Download Versions Notes

Abstract

:

The various biases affecting RNA mutations during evolution is the subject of intense research, leaving the extent of the role of random mutations undefined. To remedy this lacuna, using the codon table, the number of codons representing each amino acid was correlated with the amino acid frequencies in different branches of the evolutionary tree. The correlations were seen to increase as evolution progressed. Furthermore, the number of RNA mutations that resulted in a given amino acid mutation were found to be correlated with several widely used amino acid similarity tables (used in sequence alignments).
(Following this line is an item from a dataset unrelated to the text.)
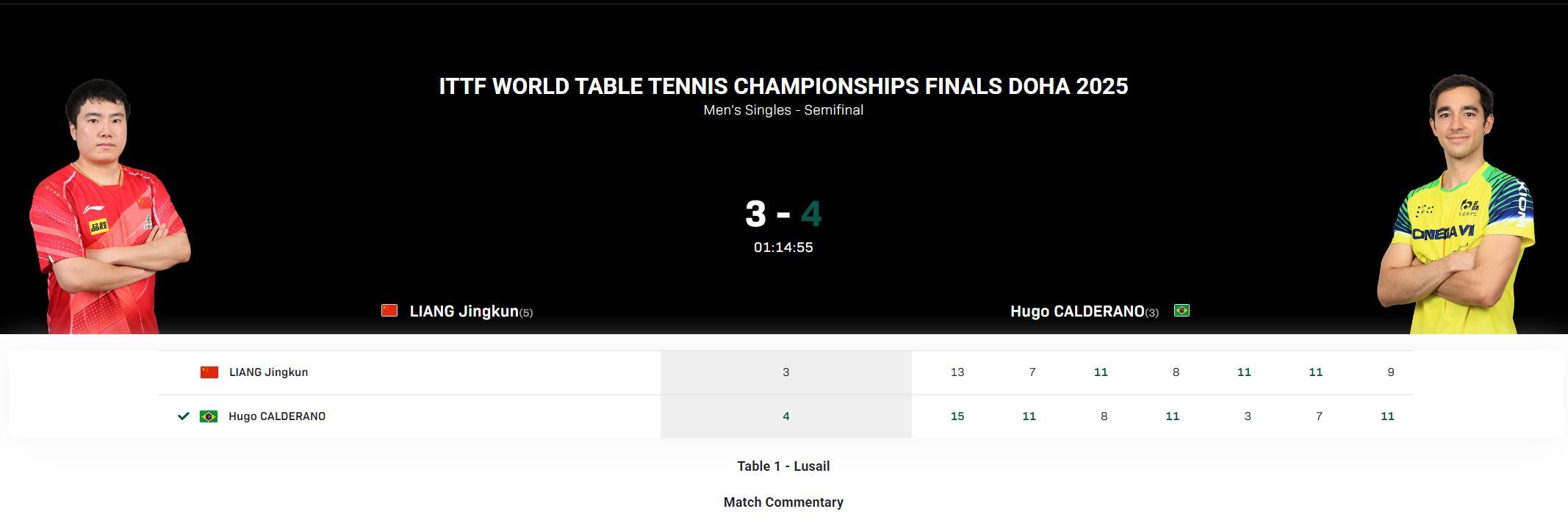 多哈世乒賽男單半決賽,中國選手梁靖崑3-4不敵巴西選手雨果無緣決賽,這場比賽雨果開場是2-0領先,隨後3-1領先,堅韌的大胖將比賽拖入搶七決勝局,只可惜決勝局雨果關鍵2分制勝拒絕大逆轉。
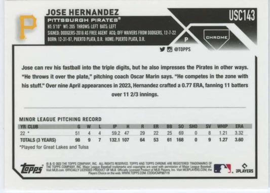 2023 Topps Chrome Update #USC143 Jose Hernandez NM-MT RC Rookie Pittsburgh Pirates Baseball Card

These correlations were seen to increase when the observed codon usage was factored in.

Keywords:

codon table; amino acid propensity; mutation probability; amino-acid substitution matrix

1. Introduction

It is a fundamental tenet of evolutionary biology that evolution is driven by mutations in the carrier of the genetic code, the DNA, and, consequently, the RNA. While a simplistic view of Darwinian evolution would assume all mutations to be equally probable, the current work in this field is dominated by characterizing various biases in the mutation rates. A recent paper reviewed the research on these biases indicated that biases are categorized as mutation bias, i.e., the difference in the rate of changes at the RNA level (e.g., C–G bias [1]), and composition bias, i.e., the difference in the fitness of the mutated structure, showing bias at the protein level, and showed that they act synergistically [2]. Another recent work [3] emphasized the non-randomness of mutations.
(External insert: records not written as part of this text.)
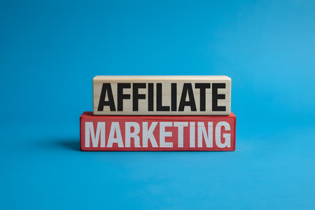 Minimalist affiliate marketing blocks on vibrant blue background, featuring 'AFFILIATE' in black wood and 'MARKETING' in white on red wood, sharp contrast design.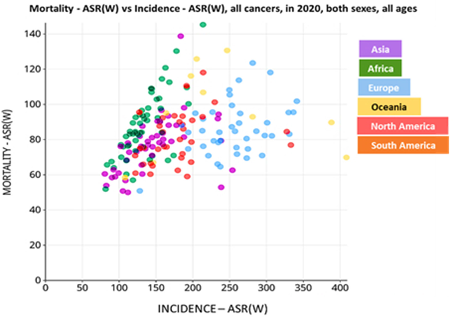 Incidence of cancer-related deaths in the different continents, per 100,000 population. Data is based on the incidence vs. mortality rate of cancer patients in the year 2020. World age-standardized rate [ASR (W)]. Data source: Globocan 2020; World Health Organization (WHO) 2021.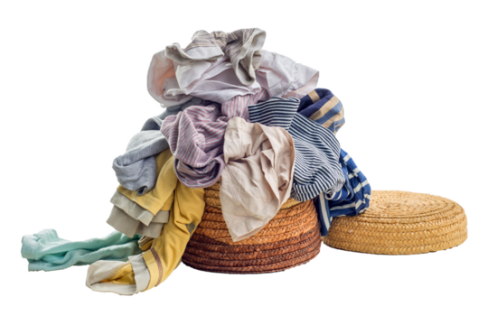 Used clothes in a pile on a laundry basket. Sorting and cleaning second-hand. Preparing for washing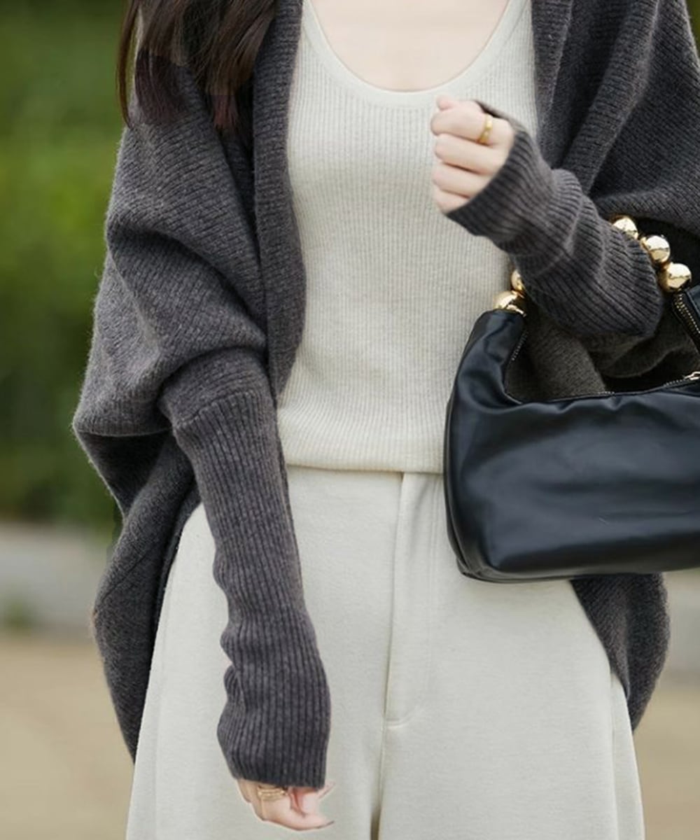 ゆったりとしたシルエットで抜け感のあるドルマンカーディガン。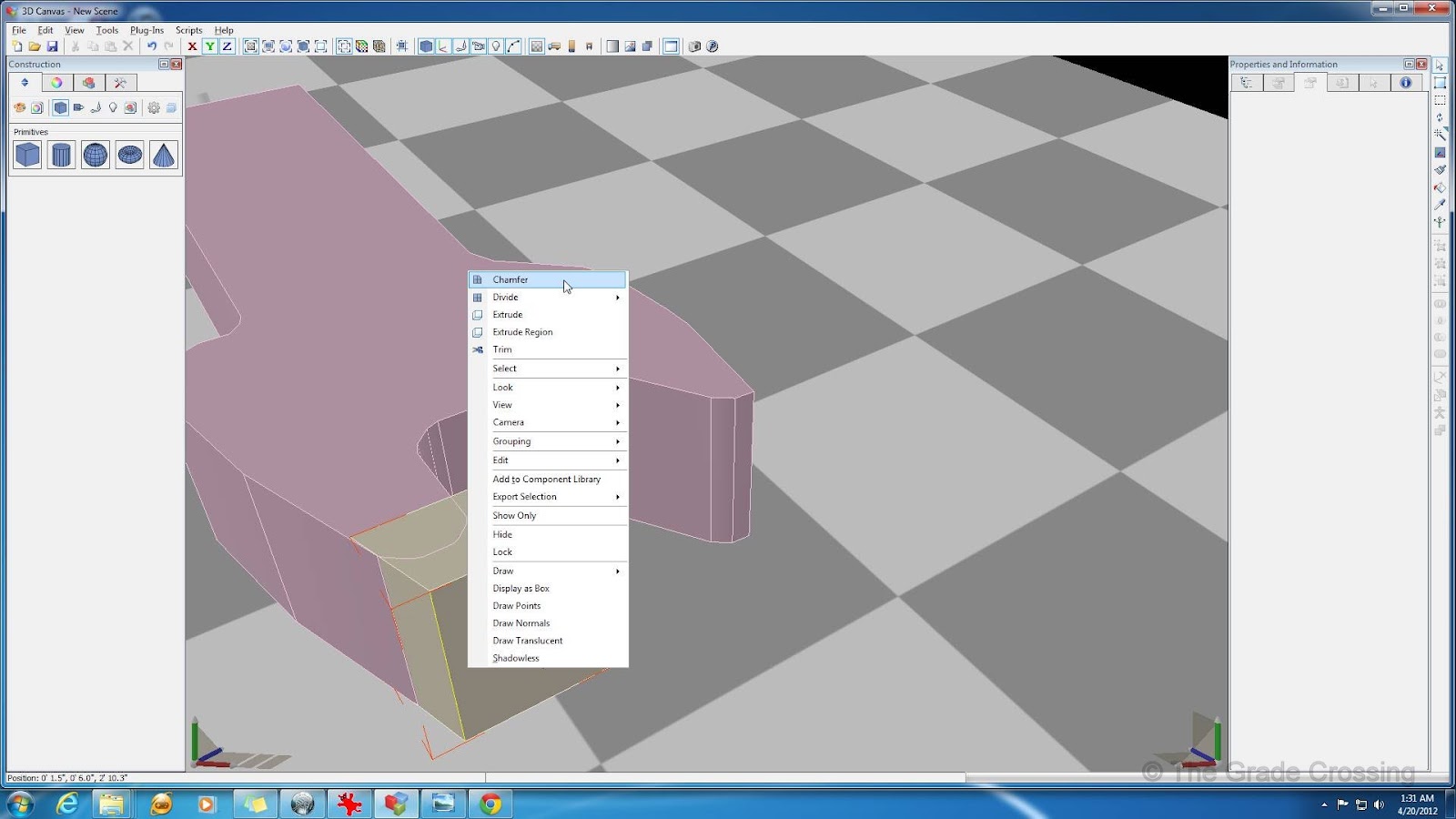 | 266. Now we will drag a cube onto the scene and use a LOT of pulling, pushing, and Chamfering to make the front part of the coupler.

The aim of this paper is to divert the attention from the various biases, and instead attempts to quantify the randomness of the mutations observed during evolution. For this purpose, the results of the mutations will be examined at the protein level. In support of the protein-centric view of mutation, it should be noted that while mutations at the RNA level are interesting biochemical problems, the biological significance of the mutations manifests itself at the protein level.
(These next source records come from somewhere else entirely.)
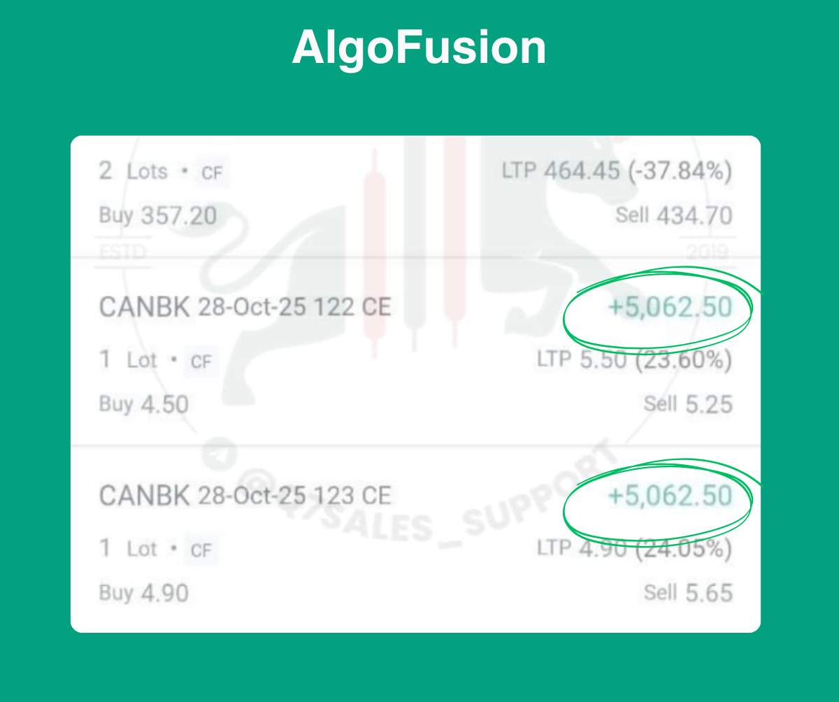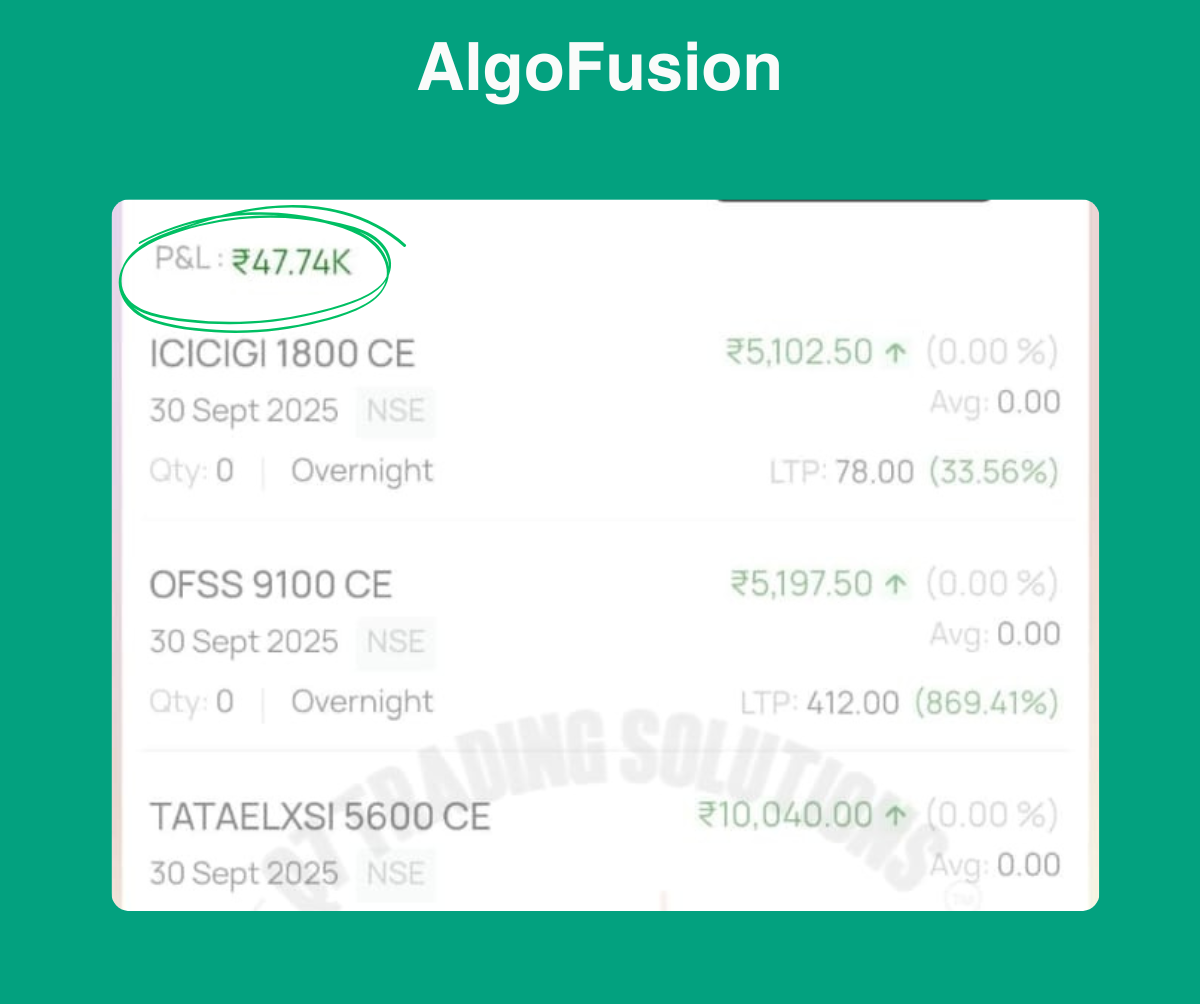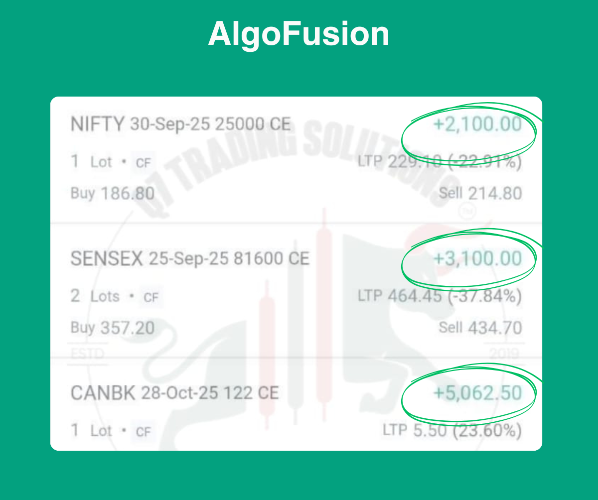 Fusion Algo | Stock options / Index option | Rs. 25000 | 10% on capital* | Daily / Based on our algorithm | Yes | Professional | Learn More |
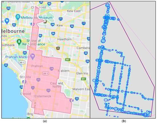 Melbourne, comprising over 5 million residents, is Australia’s largest urban population center [73]. The selected study area (Figure 1) focuses on several inner suburbs in Melbourne’s southeastern region, including vital bottleneck routes within some of the city’s most congested corridors. These corridors play a significant role in Melbourne’s urban mobility, heavily relying on road-based public transport, mainly buses. Furthermore, the selected case study zone enjoys well-developed access to various forms of public transportation, including conventional buses equipped with MyKi smart card readers.
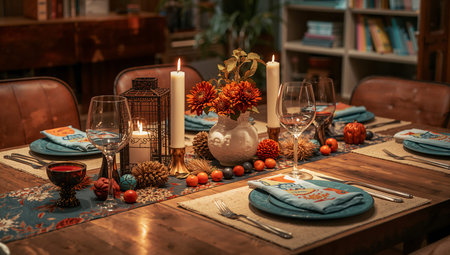 An intimate table setting is decorated with candles, greenery, and seasonal elements. The warm lighting from the candles and a fireplace creates a cozy ambiance. This image can be used in various commercial applications, including editorial content for events and lifestyle topics.

It has been recognized that if evolution were driven by unbiased random mutations, then the amino acid (AA) frequencies in proteins should fully correlate with the number of codons that code each AA; a correlation was indeed found, but it was not very strong [4]. The number of codons were also found negatively correlated with the AA size and were correlated with the AAs hydrostatic pressure asymmetry index [5]. This paper will examine the codon multiplicity–AA frequency correlation according to families of organisms.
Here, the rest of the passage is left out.